Many of the adjusters put in long hours. One adjuster asserted that he worked from 8:00 a.m. to 6:00 p.m. Monday through Friday and 8:00 a.m. to 5:00 p.m. Saturday and Sunday.

The adjusters ultimately sued in federal court in Alabama, alleging they were employees of the agency, not independent contractors, and were entitled to overtime compensation for hours worked in excess of 40 per week.

The trial court ruled against the adjusters, concluding that they were independent contractors. The 11th Circuit Court of Appeals, however, reversed that ruling.

The reason the appeals court sided with the adjusters was that, in its opinion, the trial court did not correctly apply the “economic reality” test for differentiating independent contractors from employees. In 2013, the 11th Circuit, in the case of Scantland v. Jeffrey Knight, Inc., put forth six relevant factors courts should use to guide their analysis of employee-versus-independent-contractor classification. The court also cautioned readers that the factors are mere guides and “no one factor dominates, and even the sum of factors should be rejected if they do not reflect the economic reality.”

Applying the Six’ Economic Reality’ Factors

The six factors the court put forward in the Scantland case were:

(1) the nature and degree of the hiring entity’s “control over the manner in which work is performed”,
(2) the worker’s opportunity for profit or loss;
(3) the worker’s investment in materials or hiring additional workers;
(4) whether the worker’s job requires a special skill;
(5) the permanency and duration of the relationship; and
(6) the degree to which the worker’s services are an “integral part” of the hiring entity’s business.

Breaking down each factor, the court explained that an alleged employer’s “control must be significant to support employee status.” Hallmarks of significant control include things like whether the alleged employer controlled pay rates, hours, and schedules, “in addition to whether the alleged employer closely monitored the quality of the work.”

Factor two examines how workers are paid.
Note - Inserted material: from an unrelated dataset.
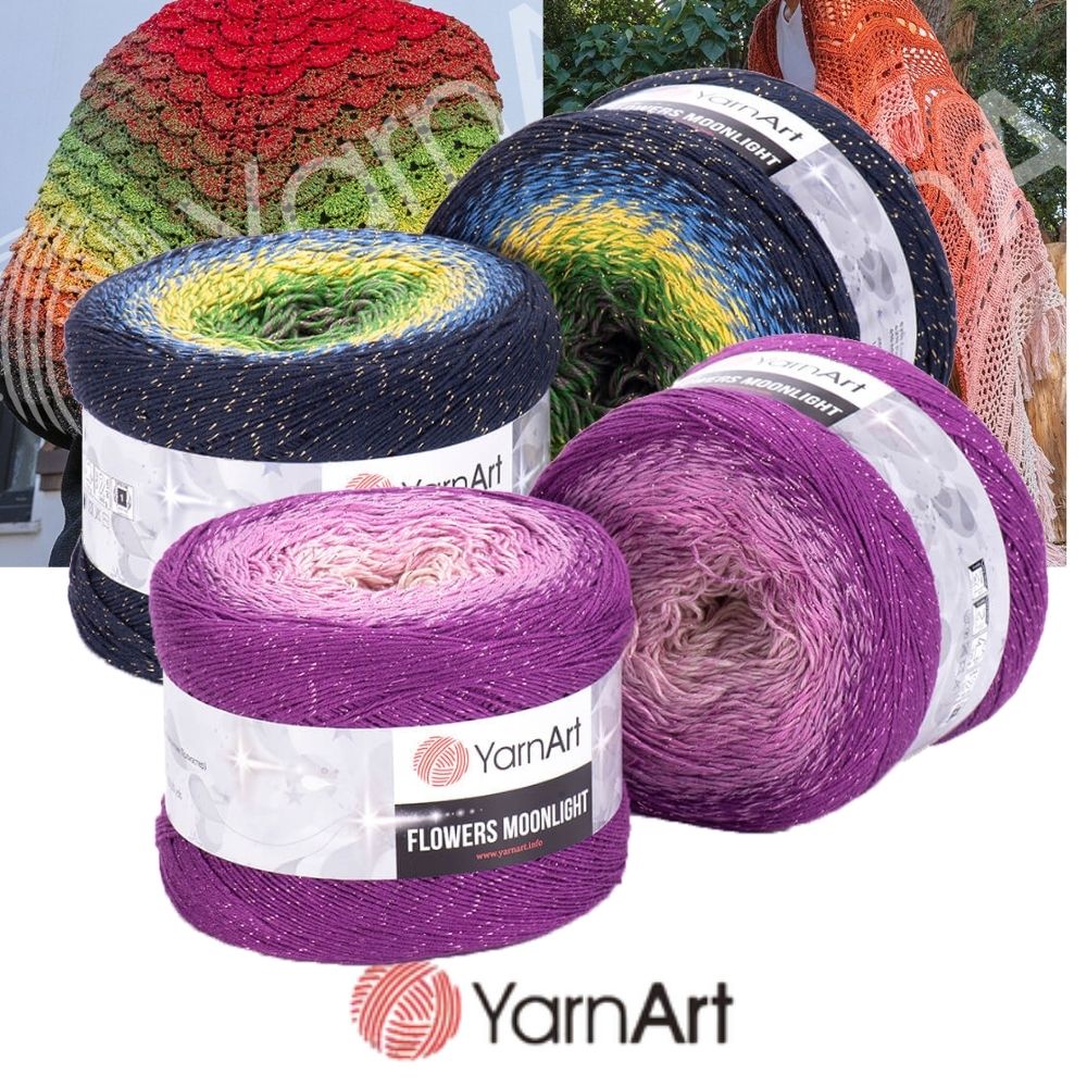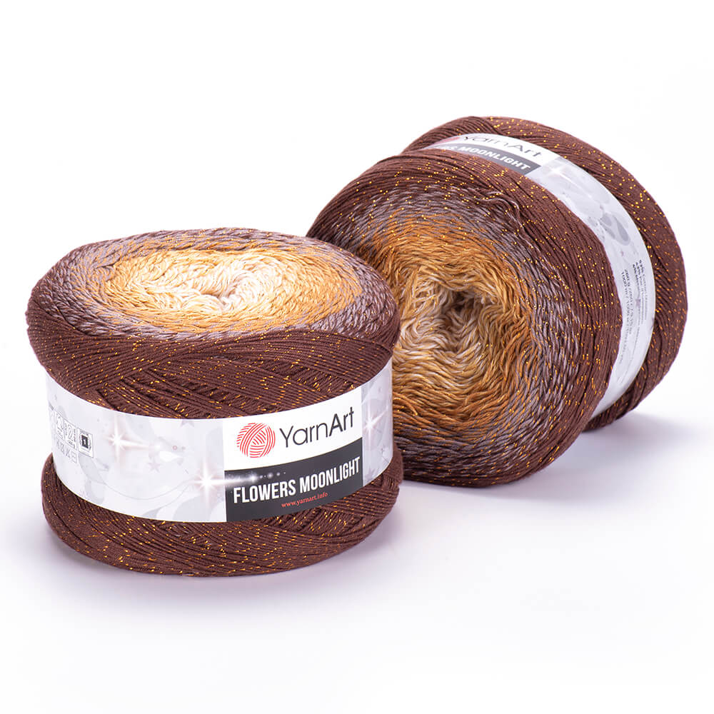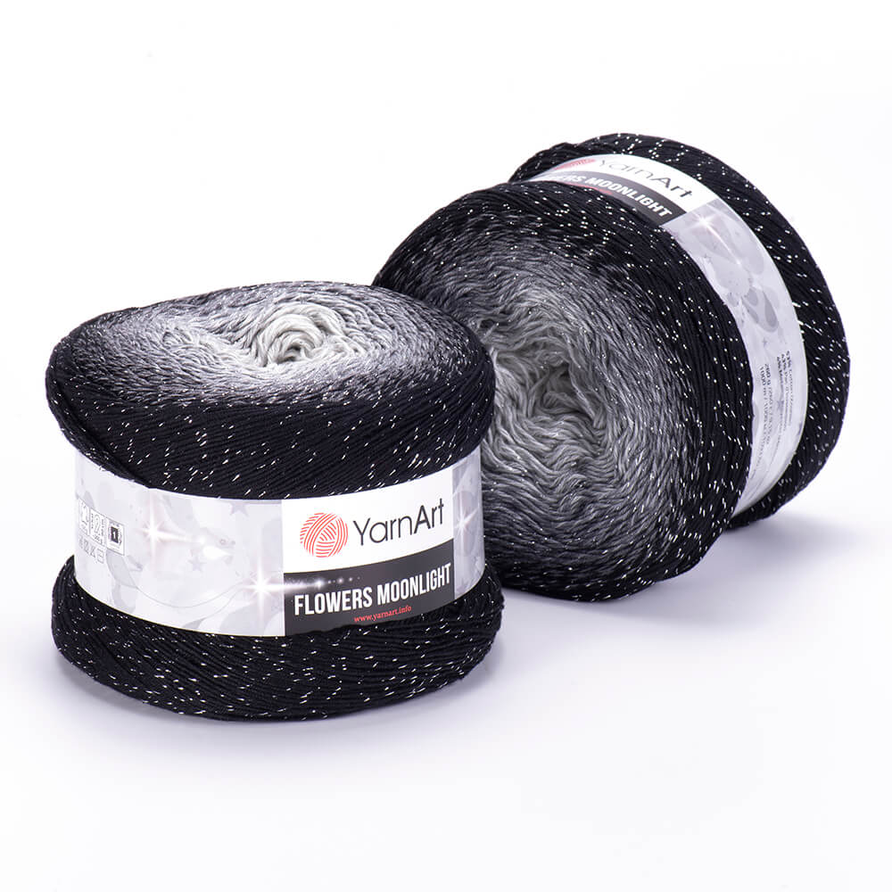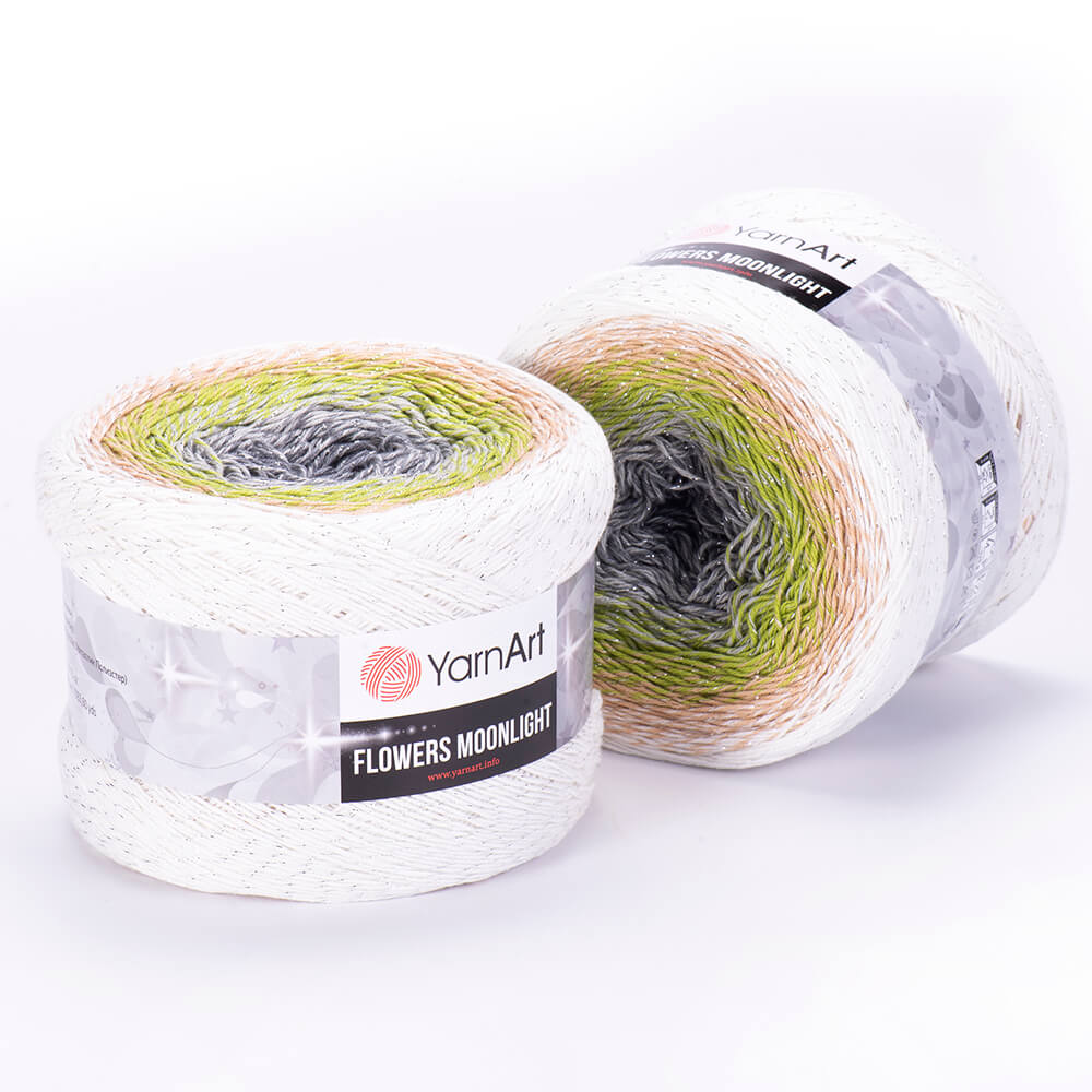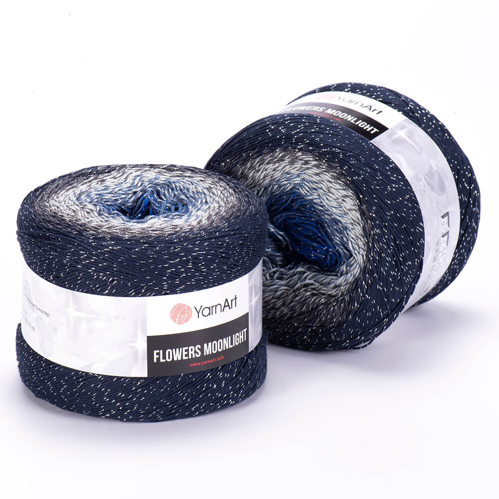 YarnArt Flowers Moonlight is created by adding metallic threads to the harmonious colors of the Flowers series. Thanks to its cotton content, Flowers Moonlight is ideal for summer garments such as shawls, dresses, blouses, cardigans, accessories and blankets. Its soft structure and variety of colors help you to create different designs in your handcrafts. This cake yarn is 1000 meter long, so you can knit or crochet a medium sized product with a ball.

According to the court, the key to this factor is “whether the workers can earn additional income through their own initiative by negotiating a rate, selling additional goods or services, or similar methods.”

For factor three, courts should consider the relative investments of the worker versus the alleged employer by looking into which party provided the equipment and/or materials necessary to do the job. Factor four required an analysis of whether the job required the workers to possess any special skills. This can include things like specialized experience and/or licenses.

When it comes to factor five (permanency or duration of the relationship), the courts look at both the temporal aspect and exclusivity. Factor six requires, as the name suggests, courts to assess whether the work the workers performed was or was not “integral” or essential to the hiring entity’s business.

The court, applying the factors to the adjusters’ situation, found that five factors supported an employee status determination. The agency controlled the adjusters’ pay rates, hours, schedules, and many aspects of how they processed claims. The adjusters were paid a pre-set rate, meaning that they could not earn additional income through their own initiative.

Additionally, in reviewing factor three, the court noted that the insurance agency provided the adjusters with laptop computers, email accounts, online networks, and software applications for completing claims-processing tasks.

Furthermore, factors five and six favored employee status. The agency retained the adjusters for an indefinite period of time “akin to at-will employment.” By contrast, had the agency retained the adjusters for a specific duration — such as “the completion of a particular claim, a certain number of claims, or even all Hurricane Harvey-related claims,” factor five might have tilted toward independent contractor status. Finally, as required by factor six, the work was essential. The agency was an insurance entity in the business of paying or denying claims filed by its customers. Analyzing and adjusting those claims was vital to that business.

Only factor four favored independent contractor status, according to the 11th Circuit. The adjusters had specialized training and state-issued licenses. That reality weighed against employee status.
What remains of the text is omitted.